Long March nods, placated to be put in charge. ‘Capitalist parasite,’ she hisses at me.

And our classmates walk away. They turn the corner of Vinegar Makers Alley, and we are alone. I stammer my thanks and you lean on the handlebars of your bike and regard me with your clear, strong gaze. Your short hair frames a striking face, with high cheekbones and eyes as determined as those of a heroine in a propaganda poster. Every year you are cast as the revolutionary lead in the school play, but this is as much down to your birthright as your good looks. Before he became a Party official, your father fought the Nationalists, then served as a commander in the Korean War (sacrificing his right eye during hand-to-hand combat with an American soldier in Pyongyang).
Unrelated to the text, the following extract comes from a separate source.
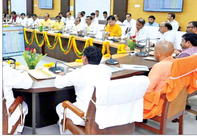
ने जनप्रतिनिधियों द्वारा लोक निर्माण विभाग को उपलब्ध कराए गए प्रस्तावों पर चर्चा करते हुए इन प्रस्तावों को प्राथमिकता के आधार पर शासन को उपलब्ध कराने के लिए कहा और लोक निर्माण विभाग तथा धर्मार्थ कार्य विभाग को इन प्रस्तावित कार्यों को प्राथमिकता पर लेते हुए कार्यों का

विशेष संवाददाता प्रयागराज। मुख्यमंत्री योगी आदित्यनाथ ने मंगलवार को यहां सर्किट हाउस में एक उच्च स्तरीय बैठक में प्रयागराज और विन्ध्याचल मंडल के सांसदों, विधायकों और विधान परिषद सदस्यों के साथ प्रस्ताव एवं कार्य योजना की समीक्षा की। राज्य सरकार द्वारा जारी एक बयान के मुताबिक, इस बैठक में मुख्यमंत्री ने सभी जनप्रतिनिधियों से उनके निर्वाचन क्षेत्रों की परिस्थितियों, जन अपेक्षाओं और विकास प्राथमिकताओं के विषय में व्यक्तिगत रूप से संवाद किया। मुख्यमंत्री ने कहा कि प्रयागराज और विन्ध्याचल क्षेत्र के विकास को सरकार प्राथमिकता दे रही है। यह दोनों ही मंडल उत्तर प्रदेश की ऐतिहासिक, सांस्कृतिक और आध्यात्मिक पहचान के केन्द्र हैं। इन क्षेत्रों का पुनरुत्थान और समेकित विकास प्रदेश के विकास की गति प्रदान करेगा। बैठक में योगी आदित्यनाथ

Some people are born to stand out from the crowd and lead, I think, gazing at you in admiration. You gaze back as though thinking the opposite of me.

‘Pig’s blood,’ you say. ‘You better rinse your clothes in cold water when you get home.’

Pig’s blood
. Nausea turns my stomach, and I wipe again at my blood-smeared mouth.

‘Long March goes too far,’ you admit. ‘I’ll speak to her. I’ll ask her to stop these attacks.’